SELECCIONES: Leave Your Mark

— -- Eleven-year-old Luis Castillo walked into his house scraped, bruised and bleeding after another day of football practice. "I don't want to do this any more," he pleaded with his mother, Maria, tears streaming down his face.

Her emphatic response was the same this day as it had been every other day. "No, if those other kids can do it, you can do it. You're not going to quit."

Maria wanted Luis to play football because it kept him active and was far preferable to him sitting around watching TV every day after school. She also knew that being involved in organized sports would help keep her only son out of trouble. What she didn't know was that because of his big size, he was 5-feet-eight-inches-tall and close to 140 pounds, the coaches had moved him from the junior team to the senior team where he was playing with kids as old as 14 who were even bigger than he was. "I got killed that year," says Castillo.

Maria's insistence that Luis play football paid off. Eleven years later, he was drafted by the San Diego Chargers of the National Football League and was named a starting defensive end his rookie year, becoming only the second player of Dominican descent to achieve that distinction.

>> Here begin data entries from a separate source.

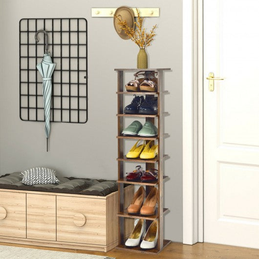 Wooden Shoes Storage Stand 7 Tiers Shoe Rack Organizer Multi-shoe Rack Shoebo-Rustic Brown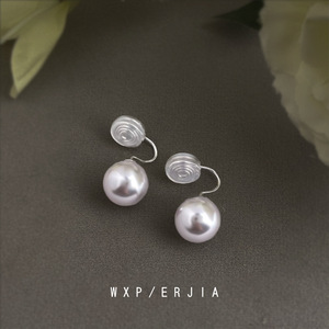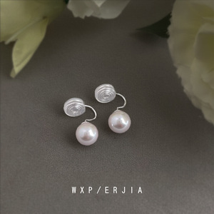 曼塔玫瑰粉紫色玻璃珍珠蚊香盘耳夹女清新甜美显脸小无耳洞耳饰品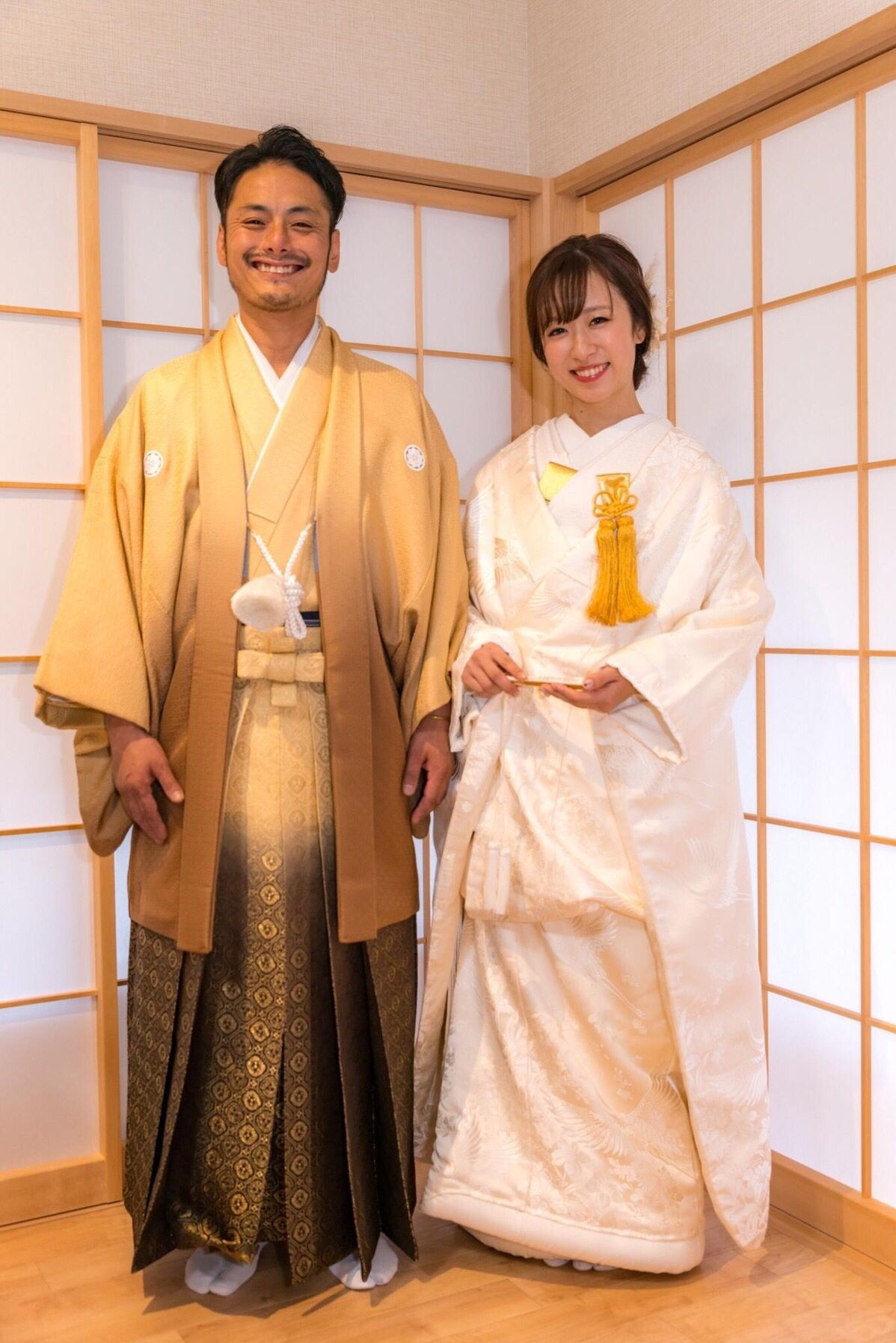 紋服は上下ゴールドで珍しい色でしたがありきたりなネイビーや黒にはしたくなかったのでこちらに即決。白無垢の小物も合わせてゴールドにしました。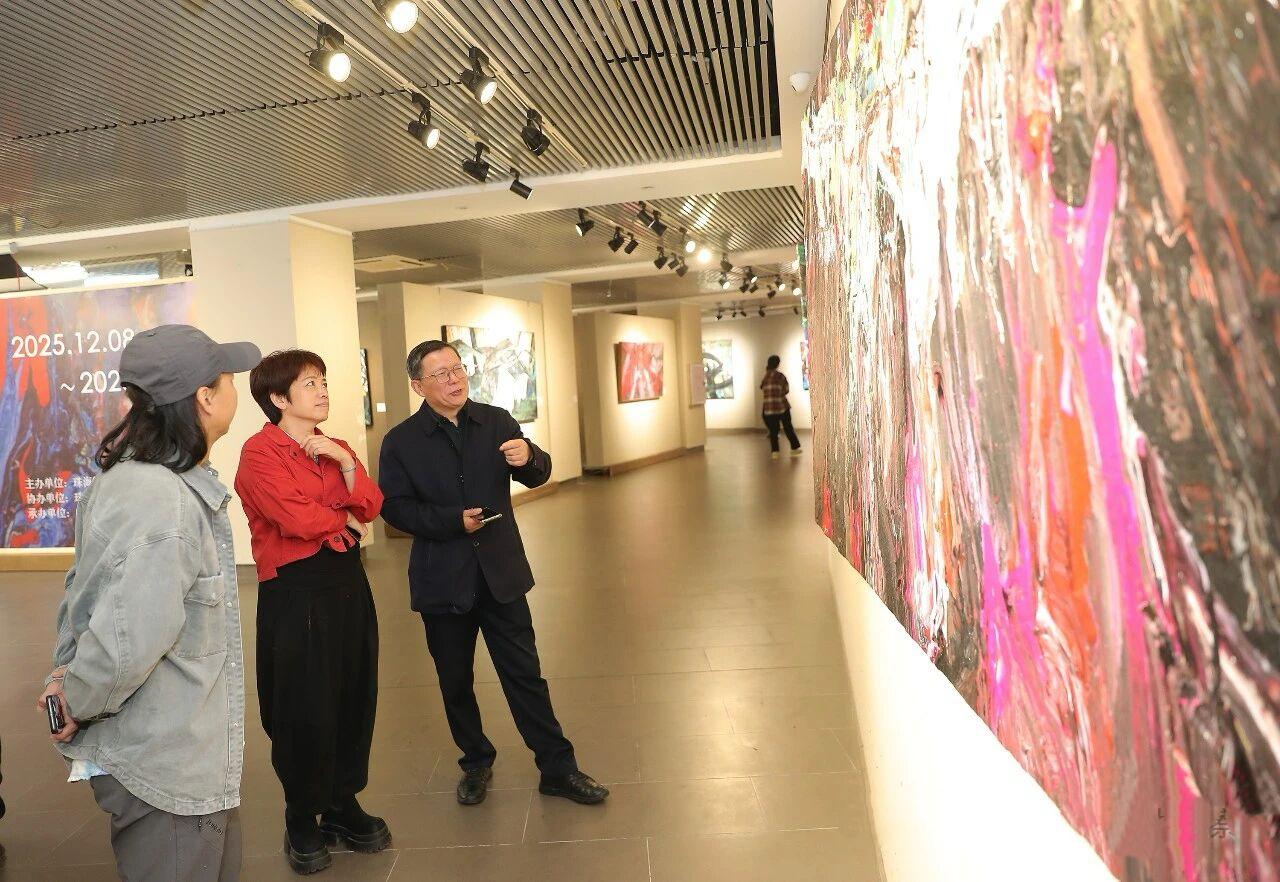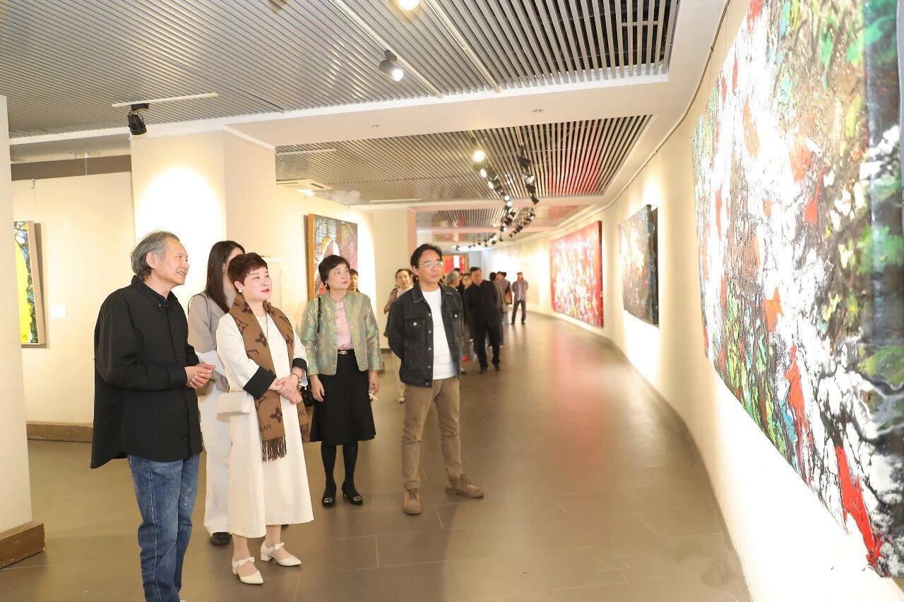 中国美术家协会理事、广东省美术家协会主席团成员、珠海市美术家协会主席、珠海画院院长刘文伟在致辞中对展览的开幕表示热烈祝贺。他谈到,王玉成的艺术之路充满传奇色彩,湖北求学时期筑牢的艺术根基,改革开放后南下珠海创业的风雨历练,都为他的创作积累了宝贵的精神财富。“王玉成是楚人的后裔,骨子里带着楚文化的浪漫与大气,他的作品以楚辞命名,色彩恢宏流淌,肌理厚重温润,既蕴含楚地大漆工艺的质感,又彰显乘风云、御文气的洒脱,让观众感受到古老文化的独特力量。”刘文伟强调,珠海作为开放包容的艺术沃土,始终致力于搭建艺术交流平台,王玉成的展览不仅带来了视觉与精神的双重享受,更彰显了艺术家的坚守与创新,为珠海文化事业注入了新活力。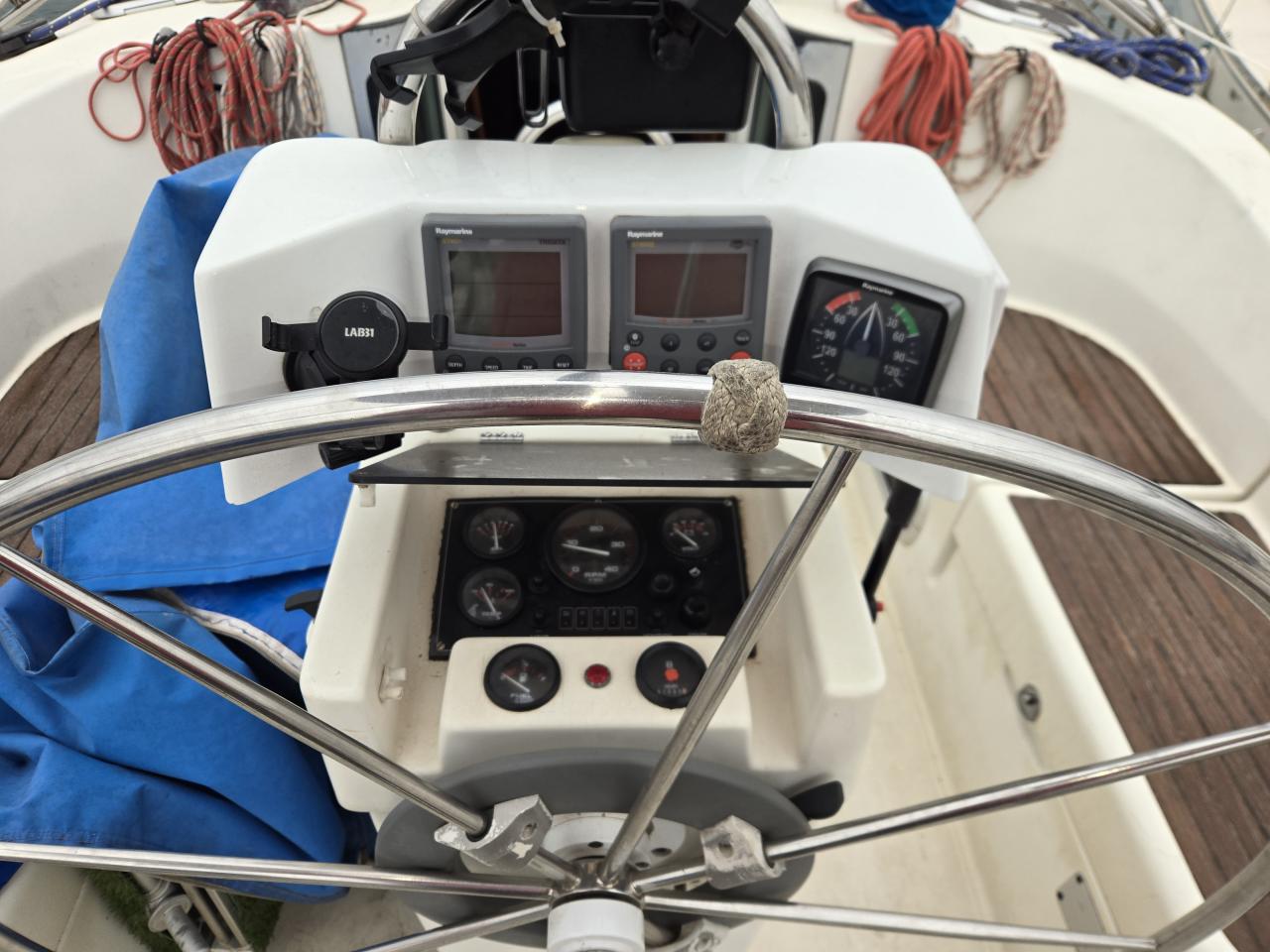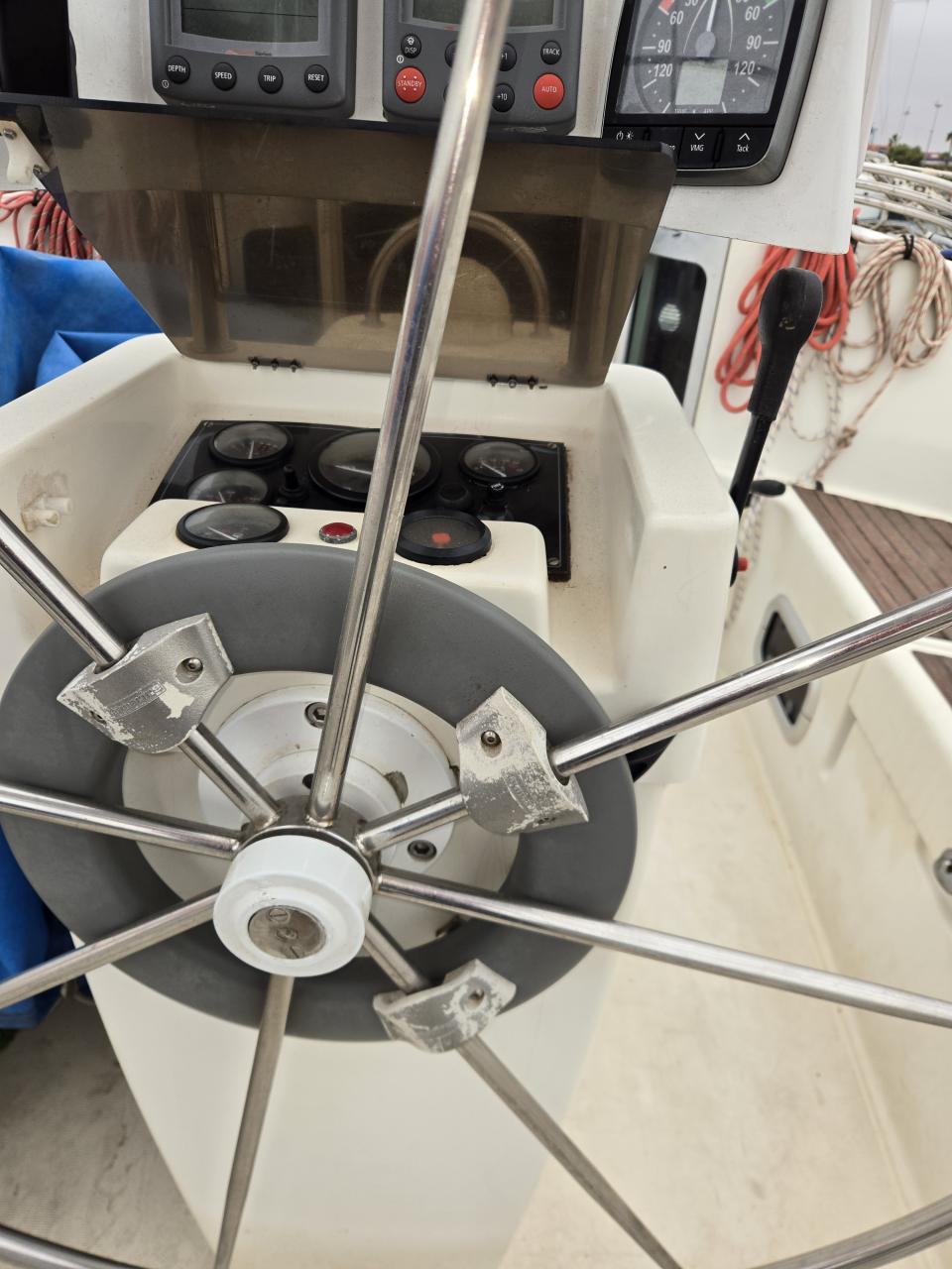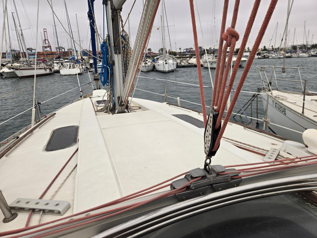 Sur le pont, une partie de la poupe nécessite une réparation de la fibre de verre. Quelques drisses sont à remplacer. Les butées de pont doivent également être remplacées.

In July, he was rewarded with a five-year contract extension valued at $43 million, making him one of the highest paid defensive linemen in the league.

None of this would have been possible without Maria, says Castillo. Not just because she didn't let him quit, but because of the example she set for him as a poor single mother who worked long hours to provide for her son. Her strong work ethic motivated him to not only work his hardest on the football field, but more importantly, he says, to do everything in his power to help those less fortunate.

In July 1983 Maria Nieves Castillo stood before a New York immigration officer in a heavy winter coat trying to hide the fact that she was almost nine months pregnant. Maria was coming from the tiny rural village of Cidra de Tomas, in the Dominican Republic, where she lived in a house with no running water or electricity. She was practically penniless and wanted her first child to be born in the United States in order to have a chance at a better life than she ever had. Maria was also less a month from her 40th birthday and knew this may be her only child. She simply wanted the best for her baby.

It was a baby she had never planned for. Earlier that year, Maria had visited her younger sister in New York and gone out on a blind date with her boyfriend's best friend, a handsome, charismatic Greek man, 10 years younger than she. Maria, who had been raised a conservative Catholic and having been raised in a conservative way, Maria was swept of her feet. They went out only two times, but when Maria returned to the Dominican Republic not long after the second date she discovered she was pregnant. Knowing that she and the man had really shared nothing more than a fling, she decided not to pursue him and to have the baby on her own. She never saw him again.

Luis was born in Brooklyn on August 4 and Maria took him back to the Dominican Republic for five years. When they returned to New York City they moved into a tiny one-bedroom apartment in a dangerous part of Washington Heights. Luis and Maria had to sleep in the same small bed because there was so little space. Luis did not see his mother much because she worked 18-hour days, seven days a week, many times until 10 or 11 at night, trying to earn enough money to support the two of them.